The following is a guest post by Carter Smith from PrivateQuote.com.

tax on backTo paraphrase Shakespeare, a tax by any other name would still smell as vile. But the Obamacare tax, otherwise known as the “individual mandate,” may be an exception. While I am not suggesting that you avoid the tax, it is clear that many people intend to do just that. A recent Gallup poll found that 34% of Americans intend to thumb their noses come tax time instead of holding them.

This article will provide facts (not rumors) about what the mandate is, how much it can cost you, how the IRS may or may not enforce it, and how to protect yourself should you choose not to comply.

How the Mandate Works and What It Could Cost You

Make no mistake, the individual mandate is a tax disguised as a penalty. The Supreme Court said as much when it ruled the mandate constitutional. It is designed to force reluctant taxpayers to purchase health insurance through the problem-plagued exchanges if they are not covered by their employers.

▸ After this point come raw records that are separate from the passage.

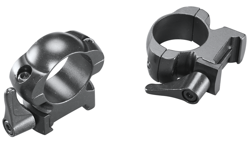 These Weaver Grand Slam Lever Lok top mount rings are designed for 1" diameter scope tubes and feature a 2-piece steel construction with matte black finish. The lever lock mechanism allows tool-free attachment and detachment using only your thumb, while maintaining secure scope support. Manufactured from Grand Slam steel with a limited lifetime warranty.
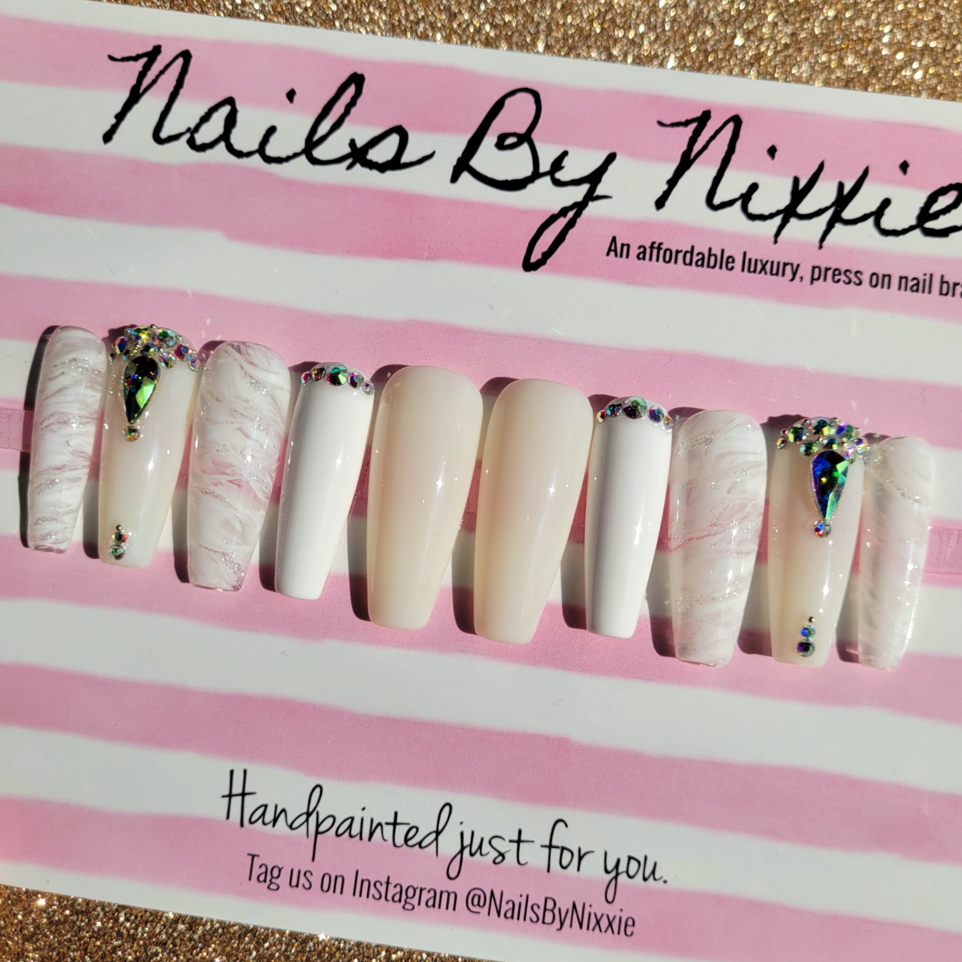 Have your nails done in this design in under 10 minutes with our long lasting, gel, press on nails. Choose your favorite length, shape and size and add this made to order nail set to cart!
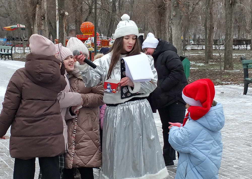 Сегодня, 27 декабря, в парке Победы состоялась замечательная развлекательная новогодняя программа для детей и подростков под названием «Время чудес». Несмотря на ненастную погоду, собравшиеся ребята смогли насладиться атмосферой праздника. К сожалению, из-за сырой погоды и холодного ветра количество участников было немного меньше, чем ожидалось. Однако те, кто пришел, не пожалели о своем выборе.
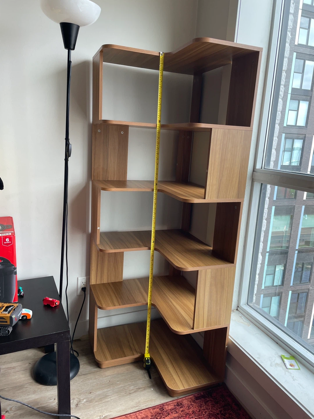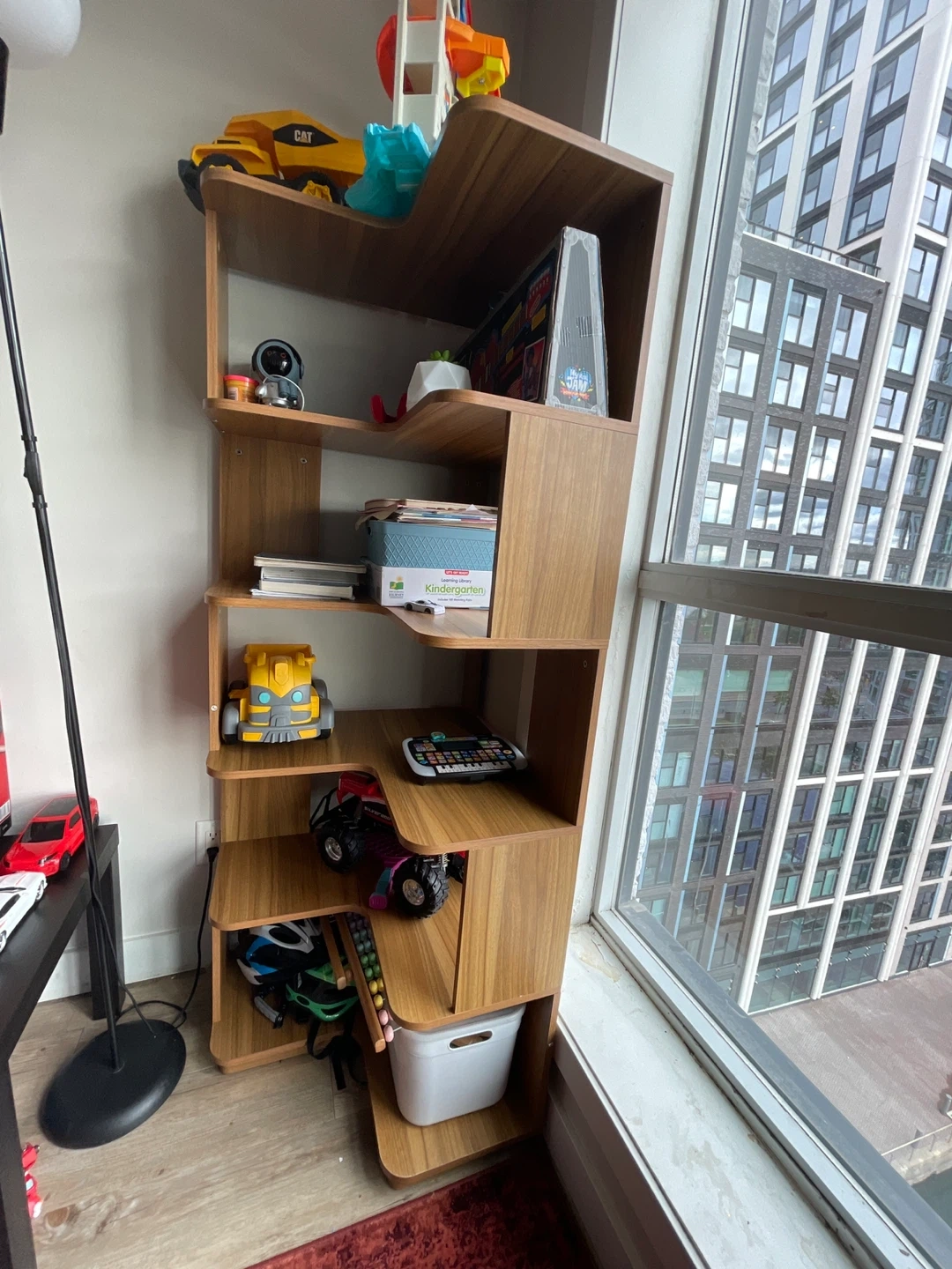 Selling a unique beautiful looking corner shelf! It's made of wood and stands approximately 64 inches tall and 25” width each side. Each shelf height is 12”. It's perfect for displaying toys, books, or decorations.
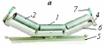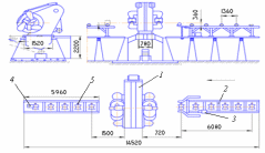 4 – консольно-козловой кран; 5 – подкрановый путь; 6 – приемные площадки с механизмами поштучной выдачей бревен; 7 – штабеля несортированного сырья;
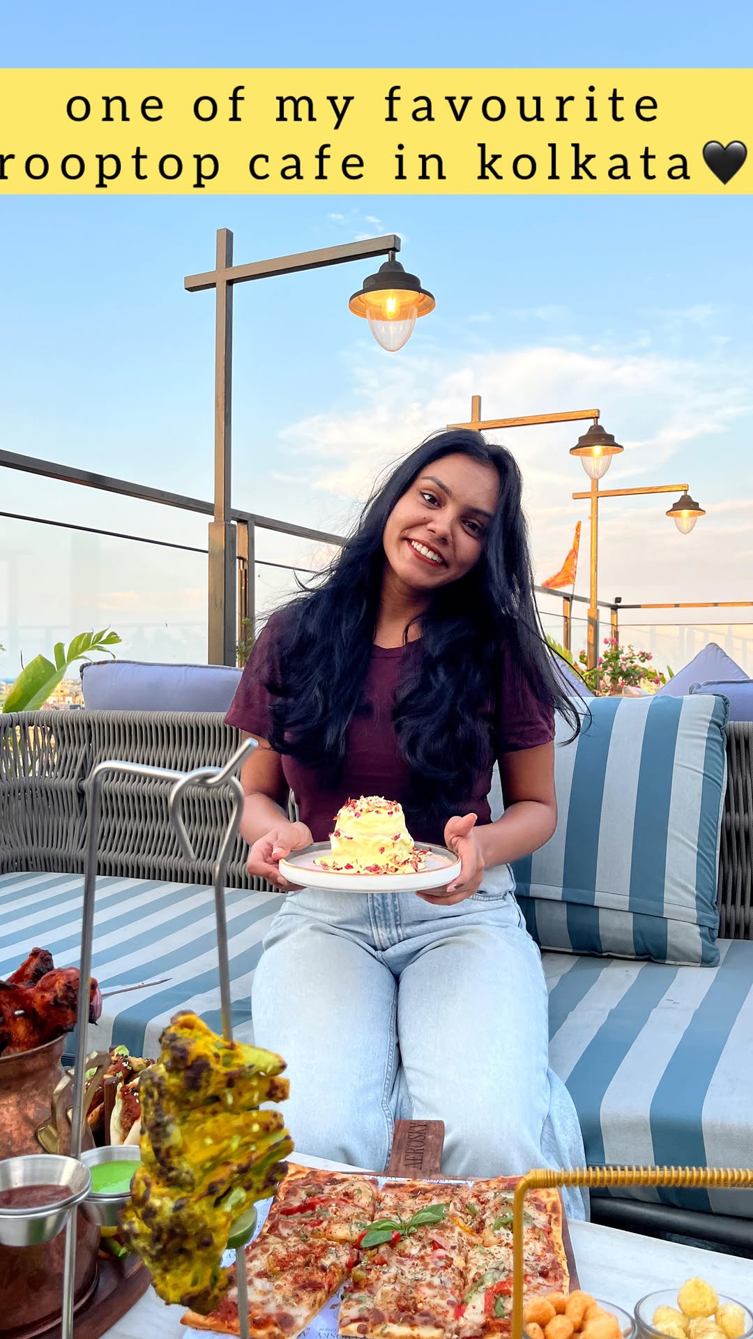 - chicken download pizza - rosemary squid popcorn Grill fish with lemon butter sauce - Lebanese platter - Butter chicken bao Chilly garlic noodles Rasmalai cake White chocolate matcha mousse Space chamber chocolate mousse 📍:9th floor,173/4/5, VIP Rd, Ramkrishna Pally, Kaikhali, Kolkata, WestBengal 700052.

Starting in tax year 2014, individuals and families who fail to purchase health insurance will face a tax of 1% of adjusted income. Basically, your penalty is calculated by taking your income minus $10,000 for an individual ($20,000 per family) and multiplying what remains by 1%. That tax will increase to 2.5% by 2016.

The President’s recent proposal to allow insurance companies to continue providing “substandard plans” into 2014 would do nothing to delay the mandate or its associated penalties. You still must be insured under the mandate, although it appears the law has restricted the ability of the IRS to enforce penalties against those who don’t comply.

Here’s How the IRS Can and Cannot Enforce the Mandate

Historically, the IRS has been granted immense power to enforce federal tax policy and pry open your wallet. The tools at their disposal include wage garnishments, liens, asset seizures and even imprisonment. Scary stuff. In the case of Obamacare, some have speculated that the taxman will simply take the money out of your bank account if you don’t comply with the individual mandate. Fortunately, that looks unlikely.

Section 1501 of the Affordable Care Act (a.k.a., “Obamacare”) specifically states,

in the case of any failure by a taxpayer to timely pay any penalty imposed by this section, such taxpayer shall not be subject to any criminal prosecution or penalty with respect to such failure.”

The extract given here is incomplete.